■ EXERCISE AIM: Your task is to write out the entire listing exactly, omitting its pictures.
== DATA EXTRACT
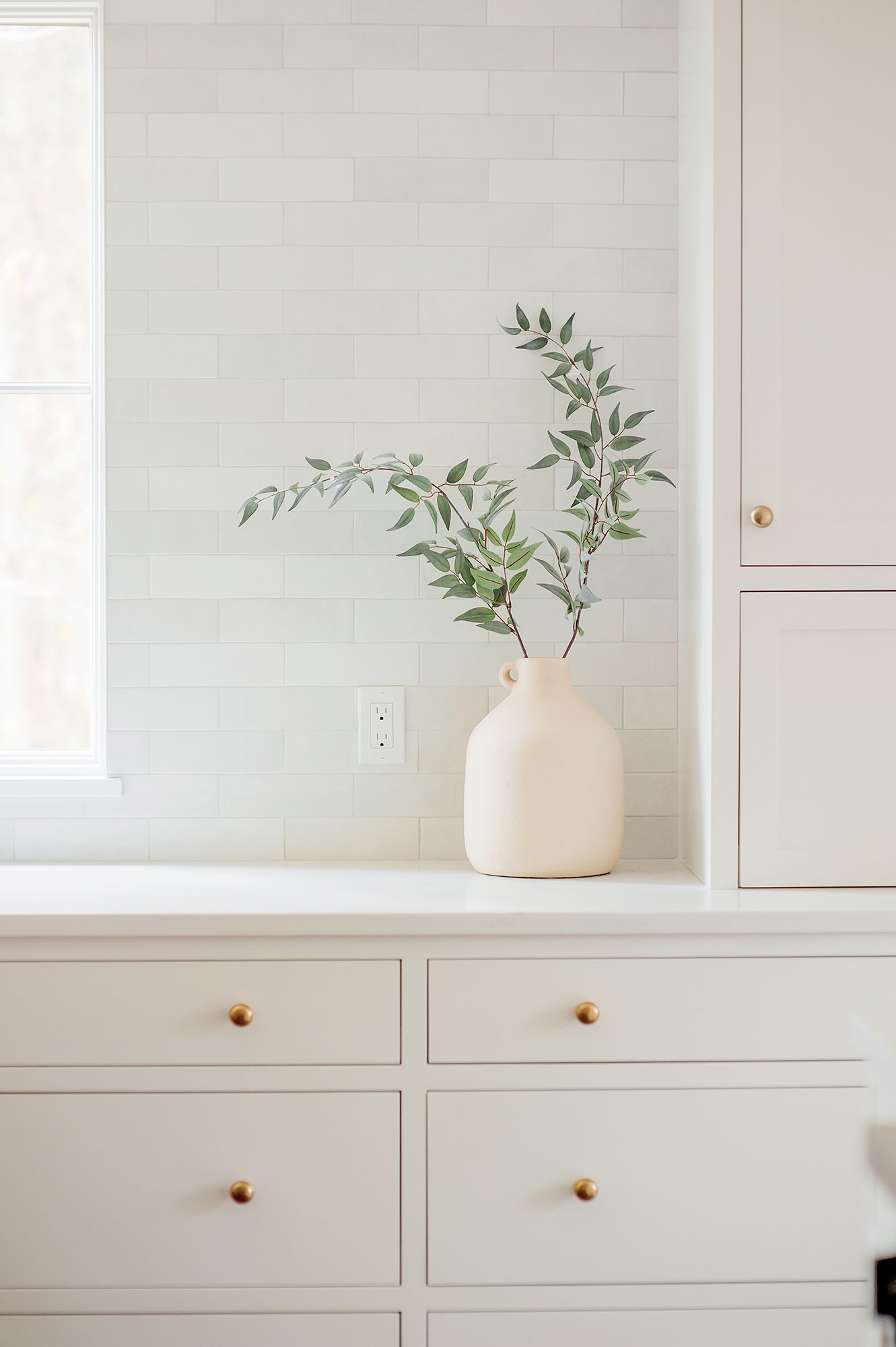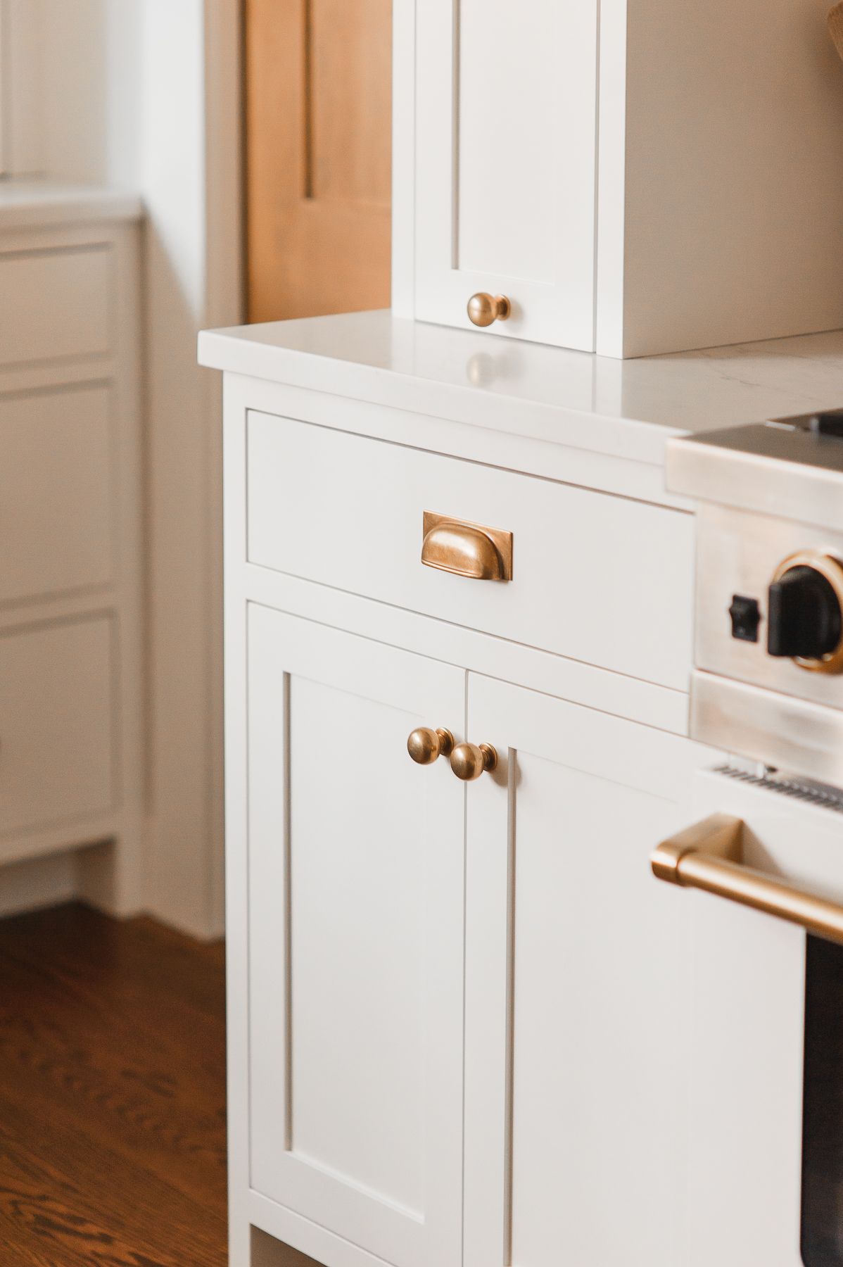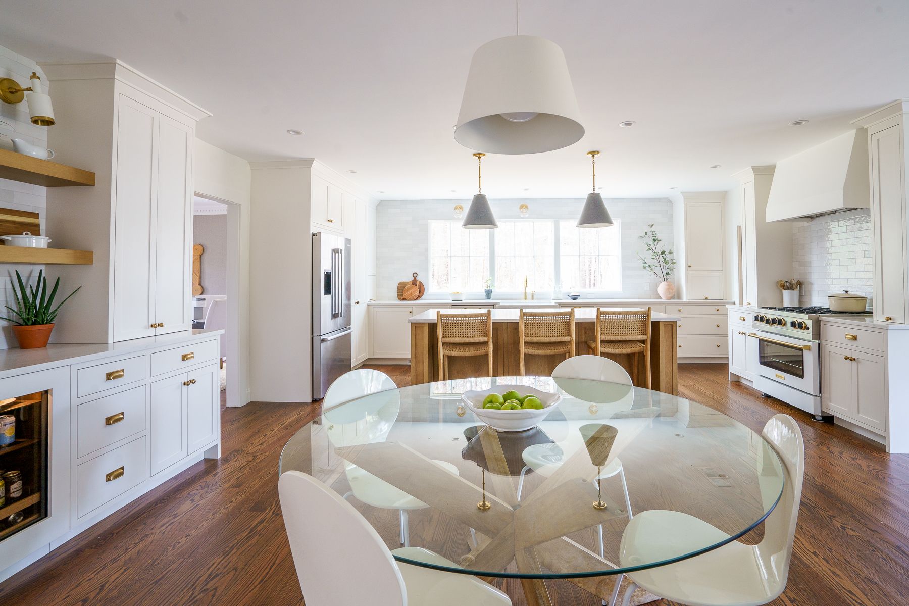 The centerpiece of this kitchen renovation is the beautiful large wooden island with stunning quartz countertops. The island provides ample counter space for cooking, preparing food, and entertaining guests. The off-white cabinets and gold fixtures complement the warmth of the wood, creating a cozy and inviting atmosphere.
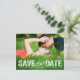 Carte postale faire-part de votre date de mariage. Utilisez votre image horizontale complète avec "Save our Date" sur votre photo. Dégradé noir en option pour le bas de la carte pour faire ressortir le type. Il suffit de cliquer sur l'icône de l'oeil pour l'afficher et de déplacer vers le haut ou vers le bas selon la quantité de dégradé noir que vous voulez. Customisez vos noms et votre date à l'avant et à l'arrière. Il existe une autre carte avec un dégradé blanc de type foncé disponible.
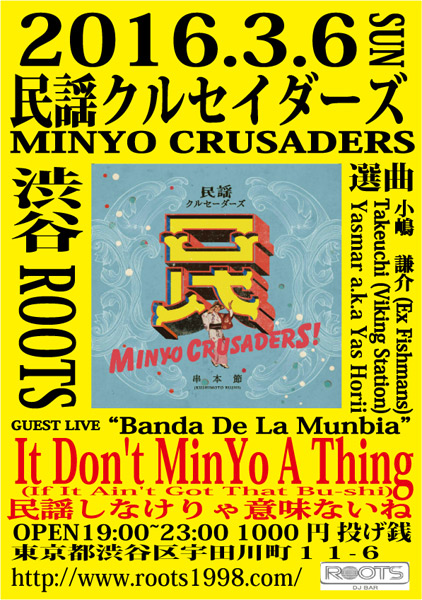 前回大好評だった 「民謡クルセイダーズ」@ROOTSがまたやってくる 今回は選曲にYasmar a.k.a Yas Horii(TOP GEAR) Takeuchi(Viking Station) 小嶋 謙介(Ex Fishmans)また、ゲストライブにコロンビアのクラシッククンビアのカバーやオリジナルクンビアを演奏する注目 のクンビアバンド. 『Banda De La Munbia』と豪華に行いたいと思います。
====
■ EXERCISE ANSWER:
 The centerpiece of this kitchen renovation is the beautiful large wooden island with stunning quartz countertops. The island provides ample counter space for cooking, preparing food, and entertaining guests. The off-white cabinets and gold fixtures complement the warmth of the wood, creating a cozy and inviting atmosphere.
 Carte postale faire-part de votre date de mariage. Utilisez votre image horizontale complète avec "Save our Date" sur votre photo. Dégradé noir en option pour le bas de la carte pour faire ressortir le type. Il suffit de cliquer sur l'icône de l'oeil pour l'afficher et de déplacer vers le haut ou vers le bas selon la quantité de dégradé noir que vous voulez. Customisez vos noms et votre date à l'avant et à l'arrière. Il existe une autre carte avec un dégradé blanc de type foncé disponible.
 前回大好評だった 「民謡クルセイダーズ」@ROOTSがまたやってくる 今回は選曲にYasmar a.k.a Yas Horii(TOP GEAR) Takeuchi(Viking Station) 小嶋 謙介(Ex Fishmans)また、ゲストライブにコロンビアのクラシッククンビアのカバーやオリジナルクンビアを演奏する注目 のクンビアバンド. 『Banda De La Munbia』と豪華に行いたいと思います。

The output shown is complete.